Quadrant analysis has been employed at nine sampling points located in the domain. This technique has revealed turbulence events and characteristics in agreement with the patterns identified in both the flow and tracer transport analysis. The first chamber is dominated by a strong recirculating eddy that induces anisotropic turbulence with high frequencies events. The bend has exhibited higher multi-directionality and a broader spectrum of frequencies. Quadrant analysis has reflected the energy loss induced in the returning flow after deflection off the opposite wall. The turbulence in the second compartment appears more isotropic in nature than in the first compartment due to the absence of a significant recirculation vortex.

A spectral analysis of the velocity components has also been performed. The points in the middle of both chambers have exhibited a similar spectral energy distribution whereas in the bend a more developed and energetic turbulence cascade has been found especially near the water surface. The two locations that have exhibited stronger anisotropy in the quadrant analysis shared a slope slightly steeper than − 5/3 in the inertial sub-range and entered the viscous sub-range at relatively low frequencies when compared to the other sampling points.

The analysis of the transport of a passive scalar has highlighted the significant role of the instantaneous turbulent flow field on its dispersion, and also that it is extremely sensitive to both large- and small-scale eddies and transient velocity fluctuations of the shear layers or larger vortices.
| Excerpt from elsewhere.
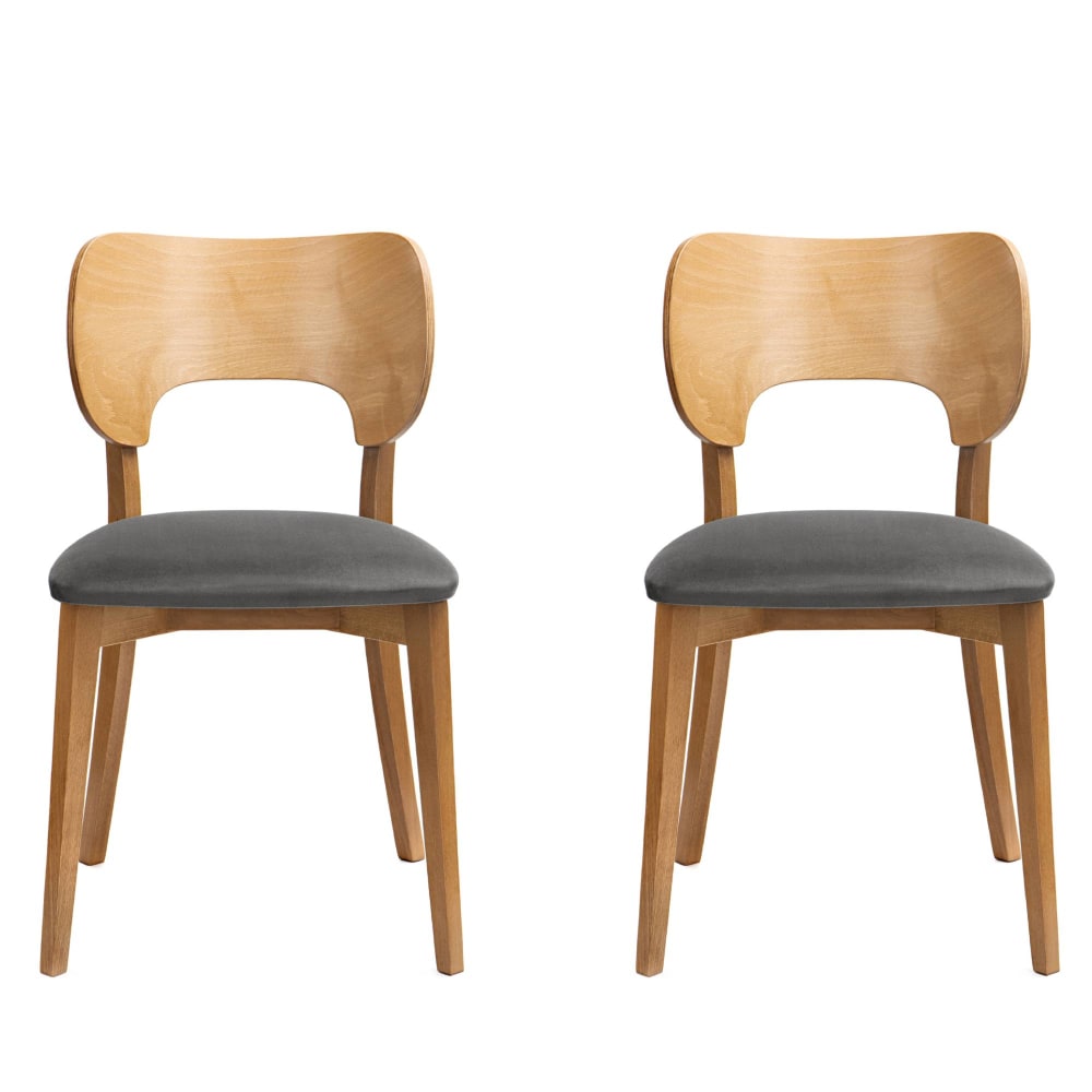 2er Set Esszimmerstühle, Velours-Sitz, Gestell aus Massivholz, Grau von KONSIMO

The energetic large-scale structures dominating the compartment’s hydrodynamics govern the advection of the tracer in the entire channel. The presence of intermittent small-scale eddies triggers the tracer’s diffusion transporting it away from the main advective transport routes, however the diffusive flux transport has been quantified as being an order of magnitude smaller than the advective counterpart and this has been quantified via the budget of advective and diffusive terms involved in the passive scalar transport. This is not surprising given the high numerical resolution in both space and time of the LES, hence the turbulent diffusion is only of the order of the sub-grid scale turbulence.

The significant effect of flow unsteadiness on residence time distribution (RTD) curves of a pulse injection has been demonstrated by comparing the RTD curves of three independent scalar injections. The resulting average RTD curve from the different injections predicted by LES has matched remarkably the experimental data owing to the accurate simulation of the relevant instantaneous hydrodynamic characteristics.